DATA SEGMENT:
━━━━━━━━━━━━━━━━━━━━
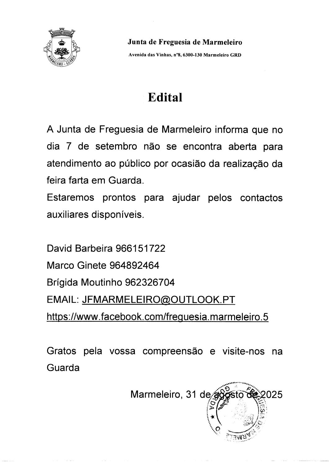A Junta de Freguesia de Marmeleiro informa que no dia 7 de setembro não se encontra aberta para atendimento ao público por ocasião da realização da feira farta em Guarda.
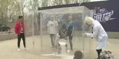在一个亚克力箱里倒上面粉,用鼓风机把面粉吹起来,遥控开启电子打火器,结果亚克力箱瞬间爆炸。
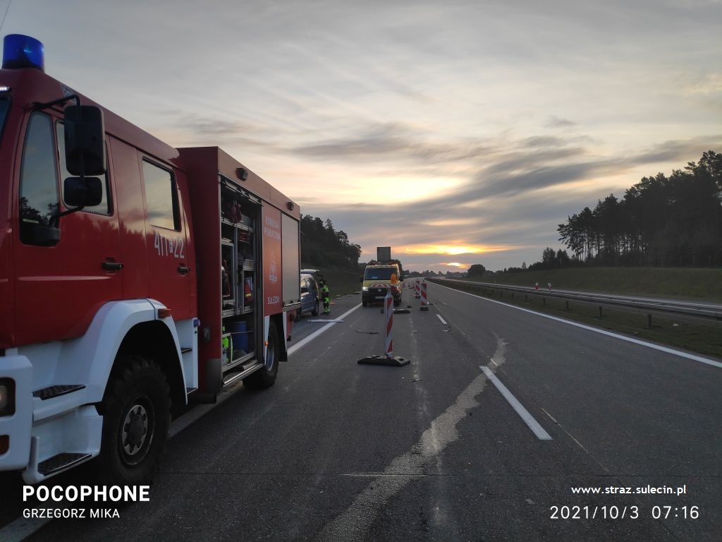 W dniu 03.10.2021 r. około godz. 06:53 na Autostradzie A2 miało miejsce zdarzenie drogowe. W działaniach brały udział zastępy z Jednostki Ratowniczo Gaśniczej w Sulęcinie oraz OSP Torzym. Zastęp OSP Trzebów stanowił odwód operacyjny. Stacjonował w KP PSP Sulęcin do czasu zakończenia działań i powrotu zastępów do bazy.
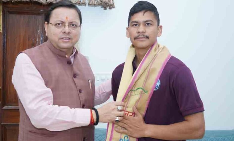 देहरादून। मुख्यमंत्री पुष्कर सिंह धामी से रविवार को मुख्यमंत्री कैंप कार्यालय में माउंट एवरेस्ट में सफलतापूर्वक चढ़ने वाले चंपावत निवासी वीरेन्द्र सिंह सामंत ने मुलाकात की। मुख्यमंत्री ने वीरेन्द्र को शुभकामनाएं देते हुए उनके उज्जवल भविष्य की कामना की।
━━━━━━━━━━━━━━━━━━━━
Return, exactly as they stand, all of the lines above, but not the pictures.

SOLUTION:
A Junta de Freguesia de Marmeleiro informa que no dia 7 de setembro não se encontra aberta para atendimento ao público por ocasião da realização da feira farta em Guarda.
在一个亚克力箱里倒上面粉,用鼓风机把面粉吹起来,遥控开启电子打火器,结果亚克力箱瞬间爆炸。
 W dniu 03.10.2021 r. około godz. 06:53 na Autostradzie A2 miało miejsce zdarzenie drogowe. W działaniach brały udział zastępy z Jednostki Ratowniczo Gaśniczej w Sulęcinie oraz OSP Torzym. Zastęp OSP Trzebów stanowił odwód operacyjny. Stacjonował w KP PSP Sulęcin do czasu zakończenia działań i powrotu zastępów do bazy.
 देहरादून। मुख्यमंत्री पुष्कर सिंह धामी से रविवार को मुख्यमंत्री कैंप कार्यालय में माउंट एवरेस्ट में सफलतापूर्वक चढ़ने वाले चंपावत निवासी वीरेन्द्र सिंह सामंत ने मुलाकात की। मुख्यमंत्री ने वीरेन्द्र को शुभकामनाएं देते हुए उनके उज्जवल भविष्य की कामना की।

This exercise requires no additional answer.